In the past several decades, the desire for lighter, tougher, and stronger materials in vehicles (car, aircraft, ship, bike, etc.), energy production, storage, and transport (windmill blade, piping, offshore oil platform, pressure vessel, on-board and off-board energy storage tank, etc.), and infrastructure (bridge, harbor, building, etc.) has driven the development of fiber reinforced polymer composite materials. Fiber reinforced polymer composite materials, while having high specific strength, stiffness, and corrosion resistance, are vulnerable to foreign object impact, due to stress concentration at various interfaces and brittleness of thermosetting polymer matrix, such as epoxy and synthetic fibers like glass fiber. In addition to the well-known ballistic impact, which can be visually detected by operators, low velocity impact is more dangerous in the sense that it usually avoids visual inspection. For example, a low velocity impact on a laminated composite may leave a barely visible indentation at the point of impact, but macroscopic cracks are likely to have been created at the back surface or inside the laminate. Low velocity impact is not uncommon. For instance, for aircraft, hail, bird strike during taking off or landing, debris strike in the runway, or even dropping a tool during routine inspection represent typical low velocity impact events. Therefore, for fiber reinforced polymer composite structures, while damage healing at the microscopic level such as healing a fatigue crack (micrometer or submicrometer scale) is essential, it is important that the composite has the ability to heal wide-opened macroscopic cracks such as delamination in the millimeter scale. There is no doubt that in fiber reinforced polymer composite materials, fibers are the primary load bearing component. Therefore, it is natural to think that we need to heal synthetic fibers such as carbon fibers and glass fibers, similar to healing the bone in a human body. While this is a legitimate attempt, it is extremely difficult based on current knowledge and technology. Of course, it is an interesting topic for materials scientists to pursue.
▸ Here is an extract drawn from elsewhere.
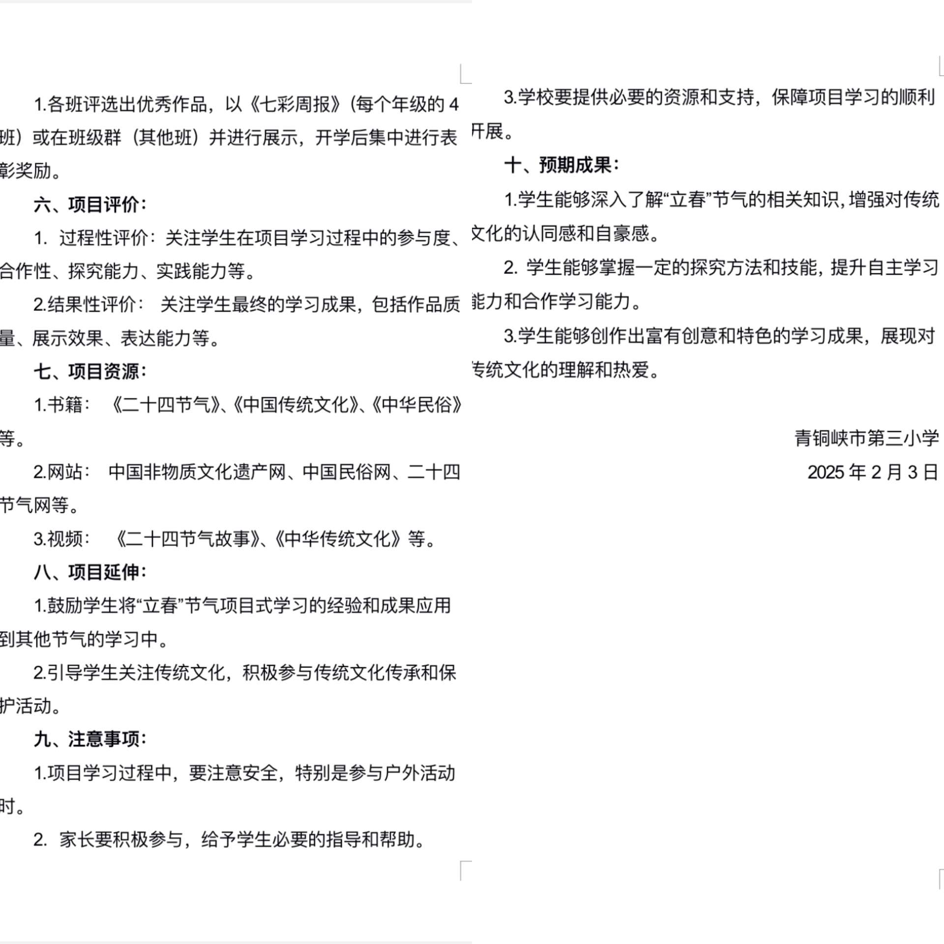青铜峡市第三小学七彩周报(2025年寒假专刊三年级第四期——二十四节气之“立春”)

Actually, in fiber reinforced polymer composites, matrix dominated damage represents the major damage mode up to a certain loading level. Therefore, healing damage in the polymer matrix is not trivial. Because of the role played by the matrix in composites, healing matrix damage serves to recover the load carrying capacity, protect the fiber from damage, and extend the service life of the composite. Therefore, similar to studies by others, this book will focus on healing macroscopic damage in the polymer matrix. Another argument may be that, if the crack is wide-opened, it is visible with the naked eye, and thus directly injecting adhesive into the crack would heal the composite. This seems a legitimate argument and may be the case for some structures. However, it is not the case for many others, such as delamination and matrix cracking in a laminated composite and cracking in the foam core and debonding at the core/face sheet interface in a sandwich composite, which are inside the structures and inaccessible. Therefore, self-healing of a macroscopic crack in a polymer matrix is a genuine problem that deserves investigation. Unfortunately, healing structural-length scale damage represents a grand challenge for both intrinsic and extrinsic self-healing schemes. The reason is that almost all of them need external help to bring the fractured surfaces in proximity before the self-healing mechanisms can take effect.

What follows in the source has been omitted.